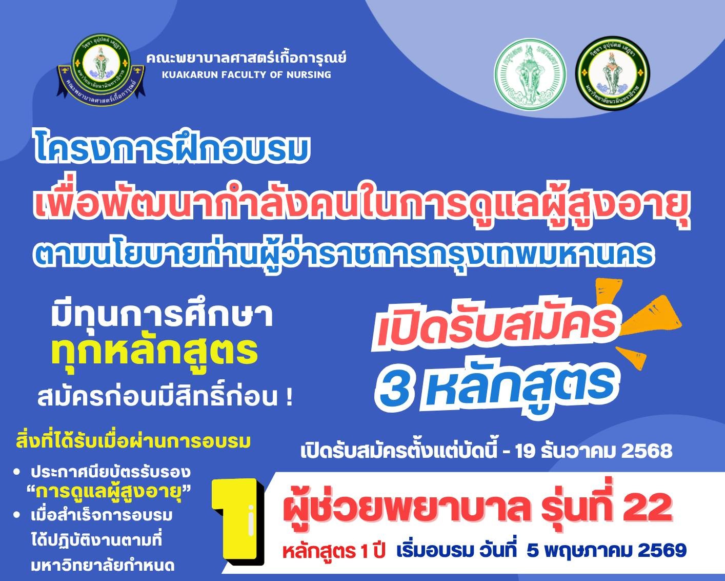 ประชาสัมพันธ์เปิดรับสมัคร โครงการฝึกอบรมเพื่อพัฒนากำลังคนในการดูแลผู้สูงอายุ ตามนโยบายท่านผู้ว่าราชการกรุงเทพมหานคร จำนวน 3 หลักสูตร
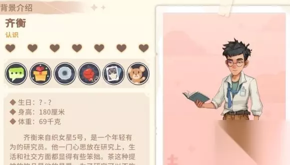 齐衡来自Vega 5,是一位年轻有为的研究员。他只专注于研究,在生活和社交方面显得有些笨拙。茶这种清凉饮料是他的最爱,他会几天不吃不喝地学习。
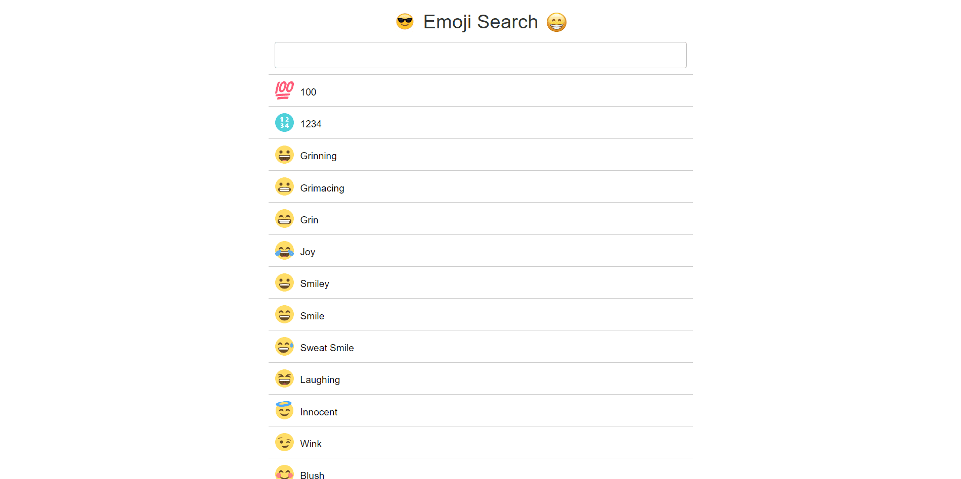Interactive directory showcasing a wide range of emojis, built with React for easy search and browsing.
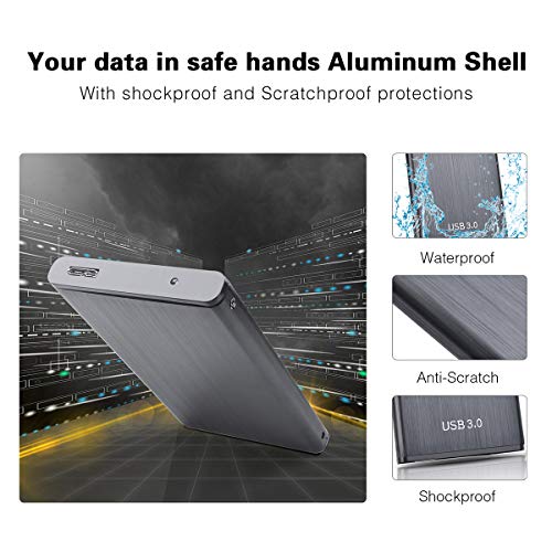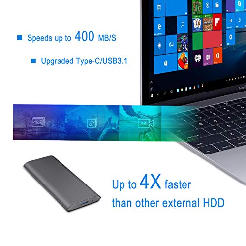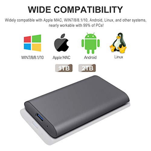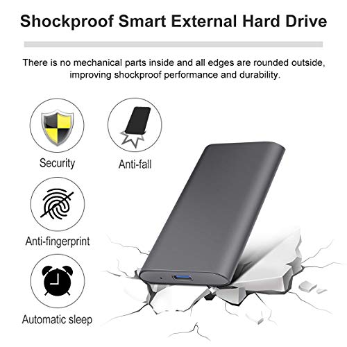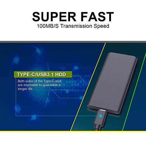 - Supervelocidad tipo C 3.1 USB / cuerpo duradero: disco duro externo equipado con conector de tipo C a tipo C y USB 3.1 hace más fácil de operar. También funciona con USB3.0 y USB 2.0 para ofrecer velocidades de transferencia ultrarrápidas. Fabricado con aleación de aluminio resistente con estructura sólida y diseño cepillado, que ofrece una gran durabilidad, rendimiento a prueba de golpes, disipación de calor y cómodo, simple, ligero se puede instalar en cualquier bolsa para llevar a cualquier lugar.
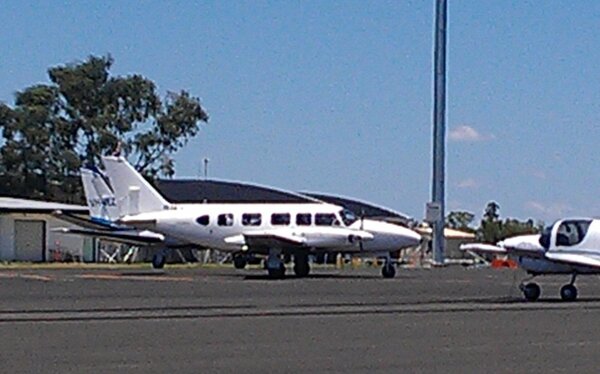 3. I appreciate this photo is a bit grainy but have a look at the rego on the side of this Chieftan taxying at Roma recently! It is the dirty smudge at the base of the fin - the underwing was not much better. It is about time that CASA started looking in their own backyard before having a go at the sport end of the market. Be real interested to know if this would get past the RAAus audit!!
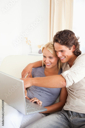 Portrait of a man showing something to his wife on a notebook
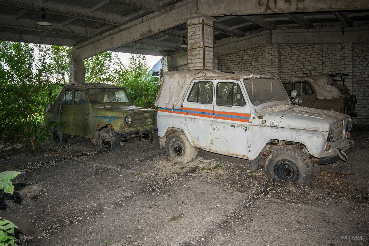 На одной из баз МЧС, в полуразрушенном ангаре, поросшем колючками и бурьяном, притаились несколько автомобилей. Непонятно, сколько они тут простояли? Еще больше вопросов вызывает тот факт, что автомобили не на специальных подставках, необходимых при длительном хранении. Это привело к тому, что колеса начали уходить под асфальт. Внутри было настолько пыльно, что я не смог взглянуть на пробег. За то все рычаги и приборы вроде как на месте. Пока мы осматривали автомобили, чуть было не встретились с их хозяином, который рвал сорняки в нескольких десятков метров от нас. Что бы не оказаться замеченными, мы не стали открывать капот, дабы оценить состояние двигателя. Незаметно выйдя с территории базы, мы направились к главному въезду, с которого была видна старая, советская заправка. Когда я уже попытался пролезть под воротами, к нам неожиданно подошел тот самый мужчина и в жесткой форме пресек наше намерение, мотивировав это тем, что перед нами не какая то "заброшка", а настоящая база х
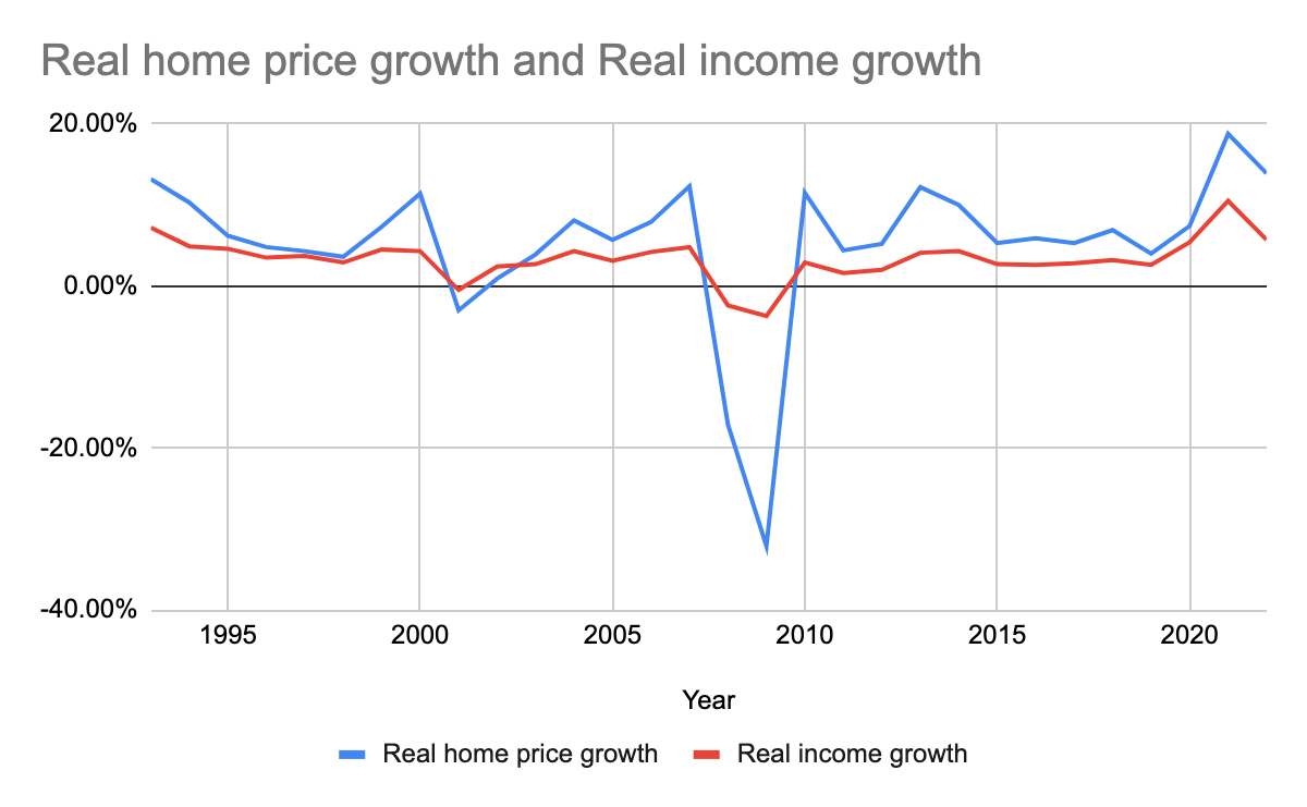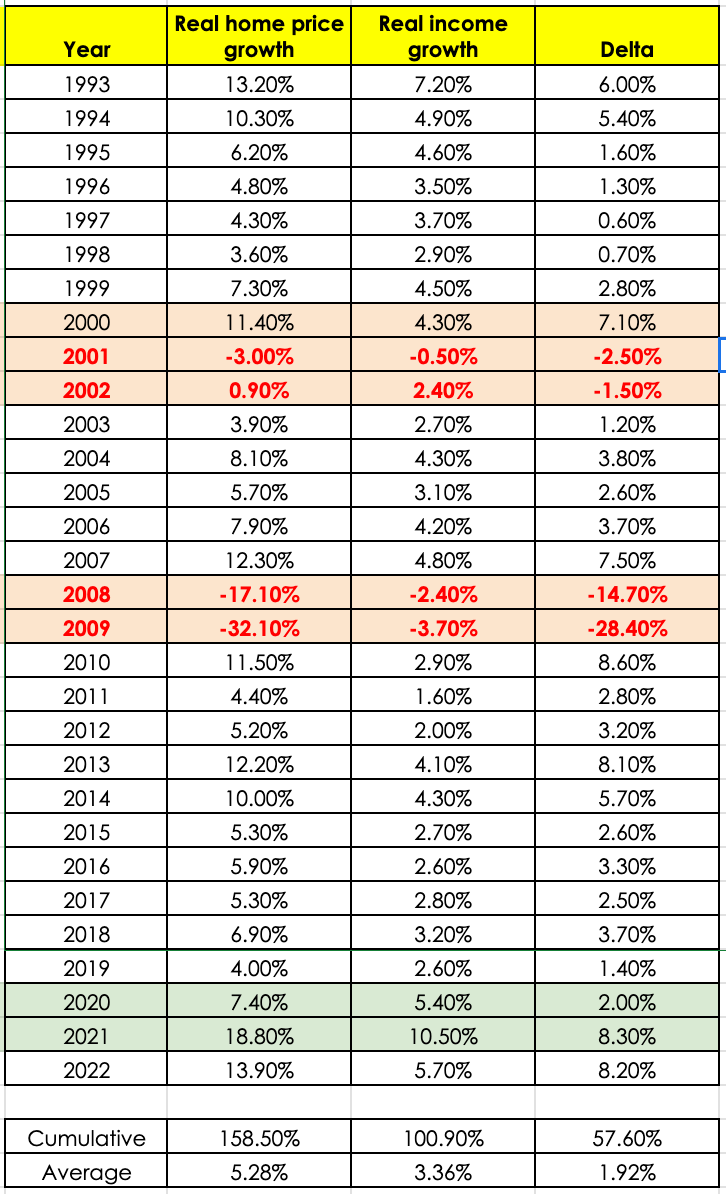 I have reached out to Google Bard to extract the real home price growth and real income growth for the last 30 years. This is what I have found. Note that we will be looking at real growth (that has included consideration of the current inflation).
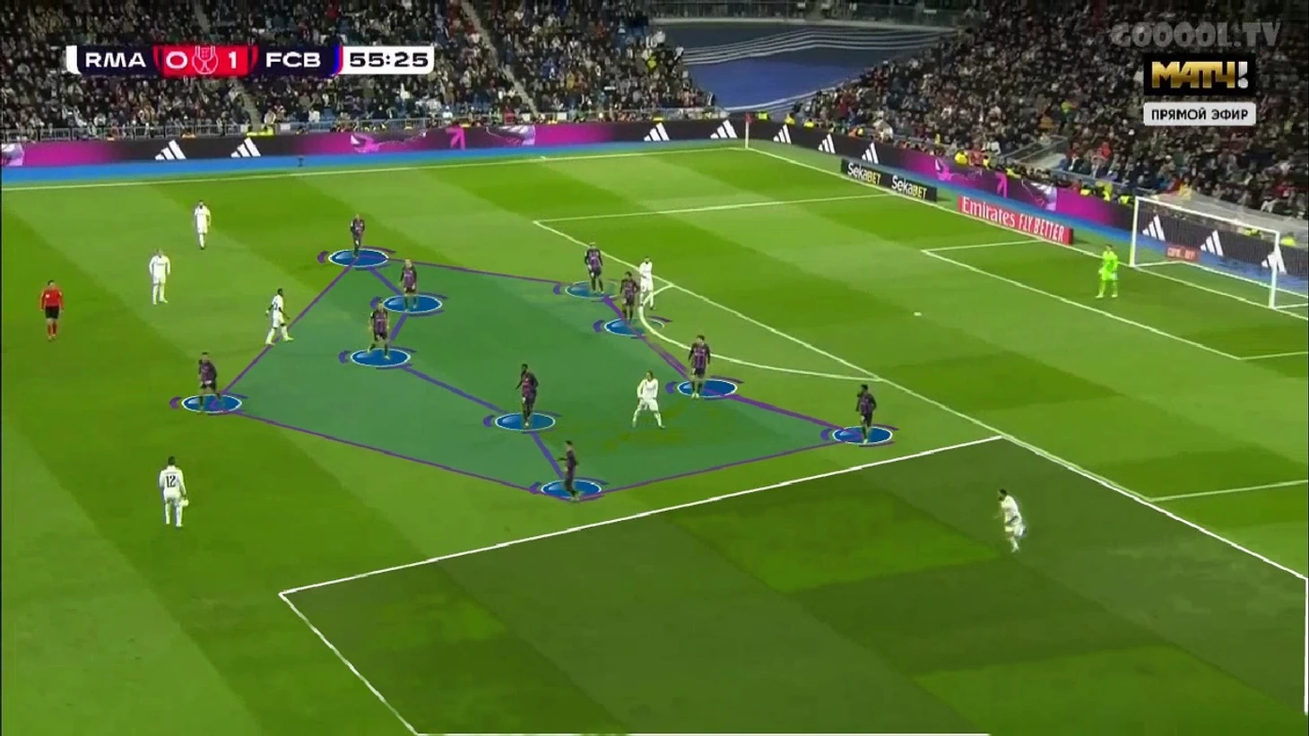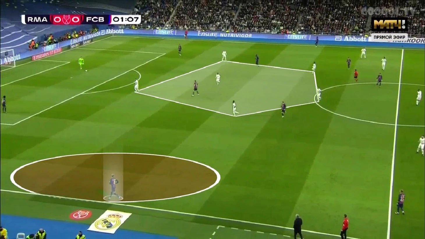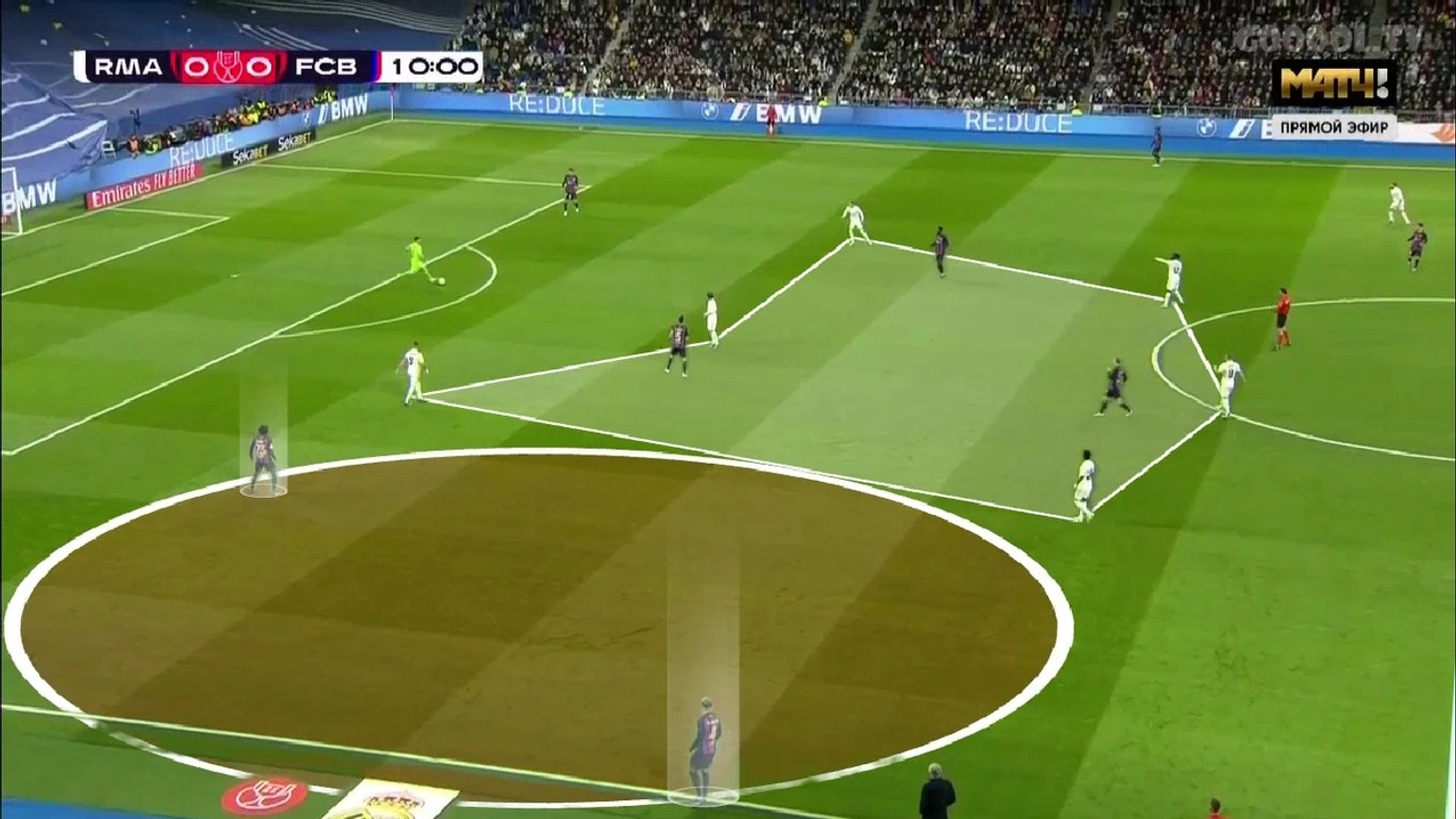 В первую очередь, к такому рисунку игры привёл прессинг «Мадрида». Кажется, что Анчелотти подсмотрел его у «МЮ», который недавно успешно сдерживал «Барселону». По крайней мере, некоторые детали сходятся: например, акцент на центральной части и бо́льшая свобода на флангах:

• _What needs to be done_
Each entry above should be copied exactly. The pictures should not.

• _Written response_
 ประชาสัมพันธ์เปิดรับสมัคร โครงการฝึกอบรมเพื่อพัฒนากำลังคนในการดูแลผู้สูงอายุ ตามนโยบายท่านผู้ว่าราชการกรุงเทพมหานคร จำนวน 3 หลักสูตร
 齐衡来自Vega 5,是一位年轻有为的研究员。他只专注于研究,在生活和社交方面显得有些笨拙。茶这种清凉饮料是他的最爱,他会几天不吃不喝地学习。
Interactive directory showcasing a wide range of emojis, built with React for easy search and browsing.
 - Supervelocidad tipo C 3.1 USB / cuerpo duradero: disco duro externo equipado con conector de tipo C a tipo C y USB 3.1 hace más fácil de operar. También funciona con USB3.0 y USB 2.0 para ofrecer velocidades de transferencia ultrarrápidas. Fabricado con aleación de aluminio resistente con estructura sólida y diseño cepillado, que ofrece una gran durabilidad, rendimiento a prueba de golpes, disipación de calor y cómodo, simple, ligero se puede instalar en cualquier bolsa para llevar a cualquier lugar.
 3. I appreciate this photo is a bit grainy but have a look at the rego on the side of this Chieftan taxying at Roma recently! It is the dirty smudge at the base of the fin - the underwing was not much better. It is about time that CASA started looking in their own backyard before having a go at the sport end of the market. Be real interested to know if this would get past the RAAus audit!!
 Portrait of a man showing something to his wife on a notebook
 На одной из баз МЧС, в полуразрушенном ангаре, поросшем колючками и бурьяном, притаились несколько автомобилей. Непонятно, сколько они тут простояли? Еще больше вопросов вызывает тот факт, что автомобили не на специальных подставках, необходимых при длительном хранении. Это привело к тому, что колеса начали уходить под асфальт. Внутри было настолько пыльно, что я не смог взглянуть на пробег. За то все рычаги и приборы вроде как на месте. Пока мы осматривали автомобили, чуть было не встретились с их хозяином, который рвал сорняки в нескольких десятков метров от нас. Что бы не оказаться замеченными, мы не стали открывать капот, дабы оценить состояние двигателя. Незаметно выйдя с территории базы, мы направились к главному въезду, с которого была видна старая, советская заправка. Когда я уже попытался пролезть под воротами, к нам неожиданно подошел тот самый мужчина и в жесткой форме пресек наше намерение, мотивировав это тем, что перед нами не какая то "заброшка", а настоящая база х
 I have reached out to Google Bard to extract the real home price growth and real income growth for the last 30 years. This is what I have found. Note that we will be looking at real growth (that has included consideration of the current inflation).
 В первую очередь, к такому рисунку игры привёл прессинг «Мадрида». Кажется, что Анчелотти подсмотрел его у «МЮ», который недавно успешно сдерживал «Барселону». По крайней мере, некоторые детали сходятся: например, акцент на центральной части и бо́льшая свобода на флангах:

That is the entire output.